Within the NPC interactome, we found a set of interacting genes that are involved in cell–cell communication and signaling (Fig. 1A). This group includes several genes coding for thrombospondin genes (THBS2, THSD4, and THSD1), some of which are upregulated (blue nodes in Fig. 1C) while others are downregulated in PTHS (red nodes). Atypical expression of these genes has been linked to cortical dysfunction in neurological disorders characterized by irregular synaptic networks22. The same thrombospondin genes were also found to be hub genes in the NPC interactome (Supplementary Material 8—Fig. S1 and Table S1), and have been shown to be biologically important for neuronal function23. The fact that these genes were identified as hub genes (and are, therefore, central to maintaining the network stability and structure) suggests that their dysregulation could result in compounded genetic effects and thus in a wide range of disease phenotypes. The high-score interactions between thrombospondin genes we observed are based on the curated Reactome database24, as shown by the score associated with the STRING platform (Supplementary Material 1). The interactions among these components are based on the O-glycosylation pathway of TSR domain-containing proteins, which regulates many biological processes such as Notch signaling, inflammation, wound healing, angiogenesis, and neoplasia25. In particular, dysregulation of thrombospondin expression may imply aberrant neural progenitor cell cycle regulation or proliferation, which is in keeping with our previously published observation that PTHS neural progenitor cells have diminished proliferative activity13.

Within the NPC interactome, we also found an interaction group that encompasses two sets of dysregulated genes investigated in our previous study13: CDKNs (cyclin-dependent kinase inhibitors, e.g., CDKN2A and CDKN1A) and TFAP2C/TFAP2A (Fig. 1B). CDKNs were investigated in the context of replicative senescence and found to be upregulated in the slowly-dividing, senescent neural progenitor cells of PTHS individuals. This is in accordance with the known general role of CDKN components as cyclin inhibitors that interrupt the cell cycle and prevent the progenitors from dividing. Interestingly, other studies observed that TFAP transcription factors regulate the expression of CDKN genes26,27. Given that both CDKNs and TFAP2C/TFAP2A are down-regulated in the interactome, this co-dysregulation suggests a coordinated disruption in their regulatory pathway, which could explain why patient cells stop proliferating and differentiate early13, a phenomenon that could be further investigated in future studies.

In the neuron interactome, some nodes that are crucial in the network, due to the high number of connections they make with other genes (Fig. 2), are related to the function of excitatory neurons, which our previous study showed to be present in lower numbers in the developing neural tissue of brain organoids derived from PTHS patients and in the cortical tissue of a PTHS post-mortem sample13. These genes encode ion channels and proteins relevant for neurotransmitter and synaptic function; while the function of these genes in excitatory neuron physiology has been widely investigated, the significance of its dysregulation in the context of Pitt–Hopkins syndrome is relevant as it may explain the loss of excitatory neurons in the developing cortex of these individuals and provides a new framework for understanding the pathological mechanisms and for identifying targets for future pharmacological intervention.

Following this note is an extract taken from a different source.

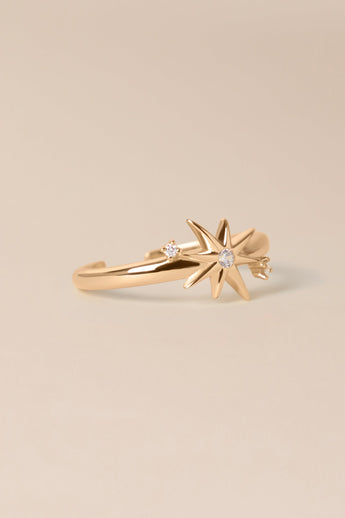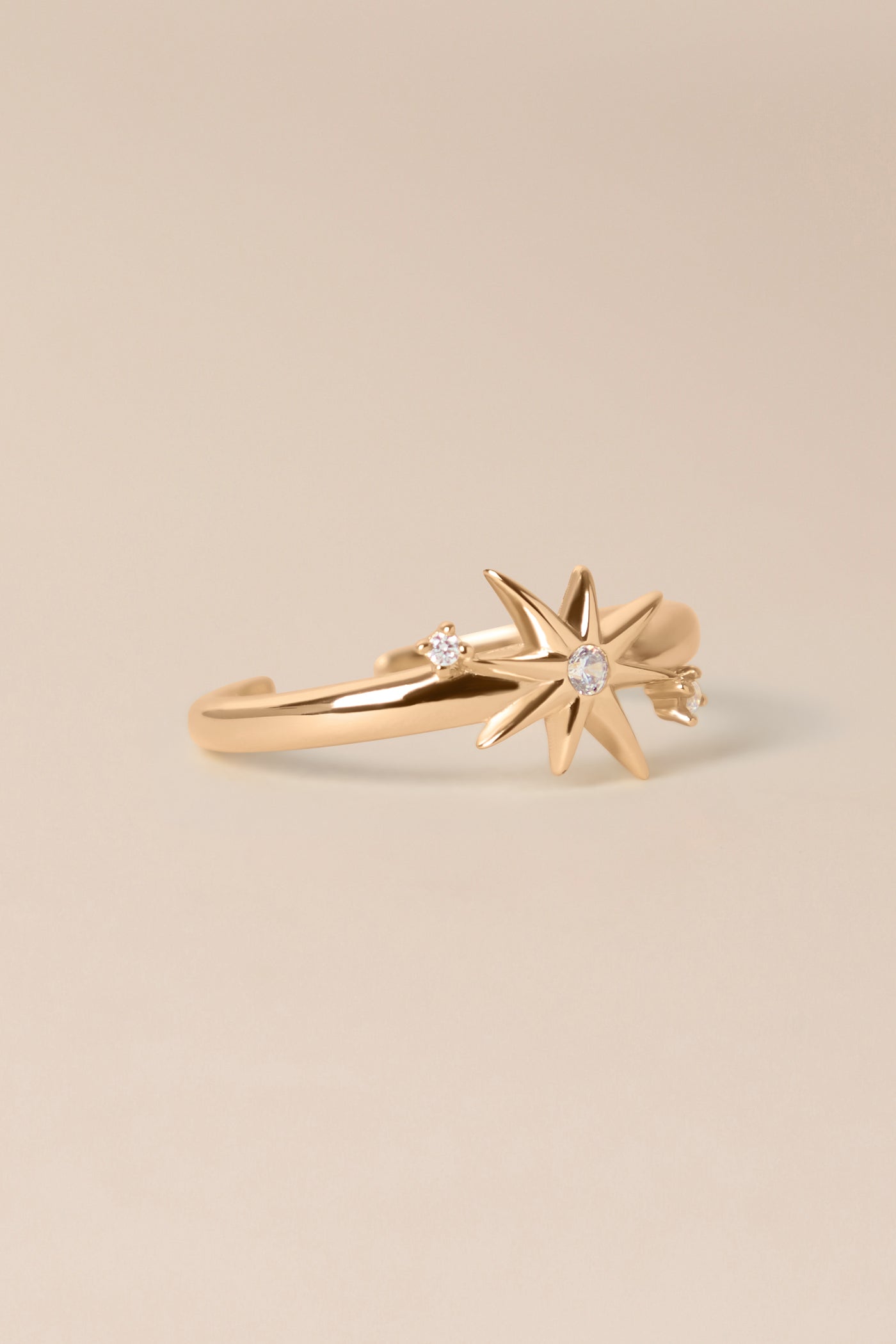 Bague au détail étoilé serti de 3 petit zircons blancs. Bague réglable.

A potentially relevant gene hub is composed of synaptosome-associated protein 25 (SNAP25), synaptotagmin 1 (SYT1), and synapsin III (SYN3), as well as genes associated with synaptic vesicles, such as vesicle-associated membrane protein (VAMP) family members (Fig. 2B). These genes maintain significant connections with many nodes clustered in the central part of the network, all of which are involved in neurotransmission. These results stress the value of performing interactome network analysis, as the identification of such interaction relationships between DEGs cannot be easily compiled from lists of differentially expressed genes. The SNAP25 gene, which codes for a presynaptic plasma membrane protein involved in regulating neurotransmitter release, displayed higher expression in parent cells than in PTHS cells in the glutamatergic (Glut) lineage of iPSC-derived brain cortical organoids, while the SYT1 and SYN3 genes exhibited no difference, according to pseudotime single-cell RNA-Seq analysis (Supplementary Material 6—Fig. 1S). The lower SNAP25 expression may indicate that PTHS patients have a deficiency in neuronal impulse propagation resulting from synaptic vesicle dysregulation. Importantly, the interaction between dysregulated synapse-related genes provides a putative mechanistic explanation for the altered electrical activity phenotypes observed in the neurons of PTHS patients13 and may provide a new avenue for identifying target genes of interest for pharmacological study. Notably, another cluster in the neuron interactome network contains genes encoding ion channels (Fig. 2A), providing additional insight into the underlying pathology of the altered neuronal electrical activity in PTHS.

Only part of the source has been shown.